→ **Work to be completed**
The data must be given again exactly as written, with all images omitted.

Dataset extract below:

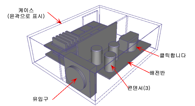 이 튜토리얼에서는 전자 엔클로저 내의 흐름 및 열 전달을 시뮬레이션합니다. 이 시스템에는 여러 구성요소가 포함되어 있으며 이러한 구성요소를 압축 열 모형, 내부 팬 및 분산 저항(통기성 매체)과 같은 Autodesk® CFD 재질 장치 모형을 사용하여 모델링합니다.
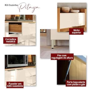 Precisando de móveis para sua cozinha?. Apresentamos esse lindo kit cozinha da linha Pitaya, fabricado pela Demóbile desenvolvido 100% em MDP. Possui espaço para acomodar micro-ondas. Possui 6 portas, prateleiras, nicho para ser como decorativo, 2 gavetas, amplo espaço interno com varias repartições. Além disso, possui uma porta basculante deixando mais suave o abri e fechar. Possui pés com regulagem de altura para adaptar melhor a diferentes superfícies. Esse kit é a combinação perfeita para quem busca funcionalidade e modernidade para seu ambiente. Aproveite e garanta já o seu!
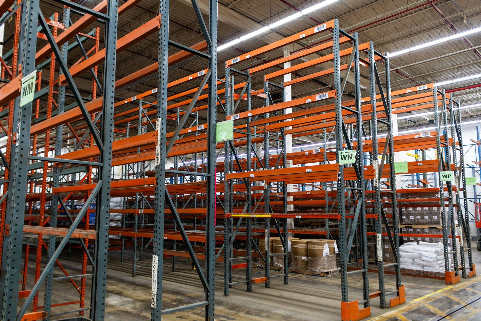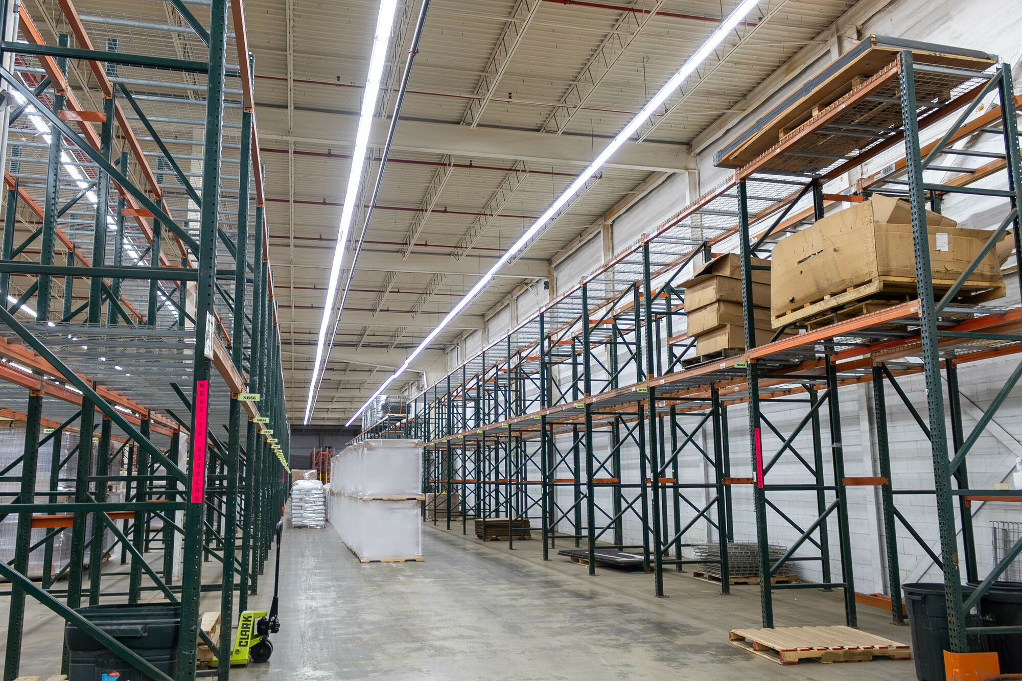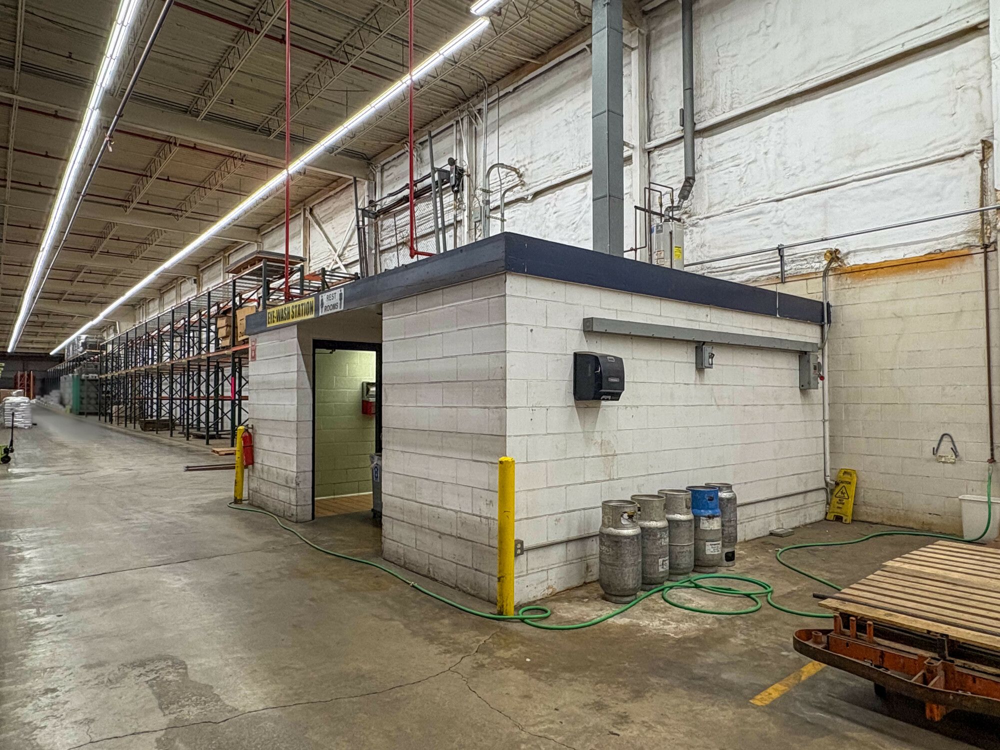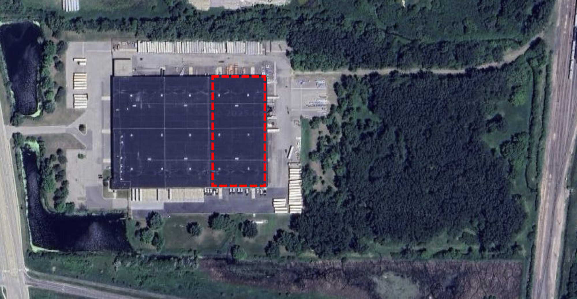 Industrial space with tall ceilings, multiple doors, and loading docks.
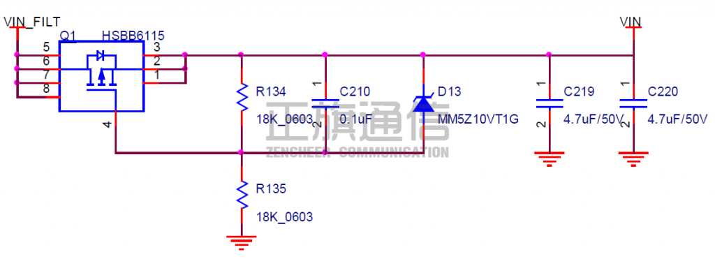 Q1的基本参数是Vds=-60V,Id=-26A,尺寸仅为3*3mm,D13用于将Vgs限制在-10V,保证不超过Q1的Vgs承受范围(-20V), C210起到缓冲作用,R134,R135是限流电阻,C219,C220是滤波器电容。

End of Dataset extract.

→ **Final answer**
 이 튜토리얼에서는 전자 엔클로저 내의 흐름 및 열 전달을 시뮬레이션합니다. 이 시스템에는 여러 구성요소가 포함되어 있으며 이러한 구성요소를 압축 열 모형, 내부 팬 및 분산 저항(통기성 매체)과 같은 Autodesk® CFD 재질 장치 모형을 사용하여 모델링합니다.
 Precisando de móveis para sua cozinha?. Apresentamos esse lindo kit cozinha da linha Pitaya, fabricado pela Demóbile desenvolvido 100% em MDP. Possui espaço para acomodar micro-ondas. Possui 6 portas, prateleiras, nicho para ser como decorativo, 2 gavetas, amplo espaço interno com varias repartições. Além disso, possui uma porta basculante deixando mais suave o abri e fechar. Possui pés com regulagem de altura para adaptar melhor a diferentes superfícies. Esse kit é a combinação perfeita para quem busca funcionalidade e modernidade para seu ambiente. Aproveite e garanta já o seu!
 Industrial space with tall ceilings, multiple doors, and loading docks.
 Q1的基本参数是Vds=-60V,Id=-26A,尺寸仅为3*3mm,D13用于将Vgs限制在-10V,保证不超过Q1的Vgs承受范围(-20V), C210起到缓冲作用,R134,R135是限流电阻,C219,C220是滤波器电容。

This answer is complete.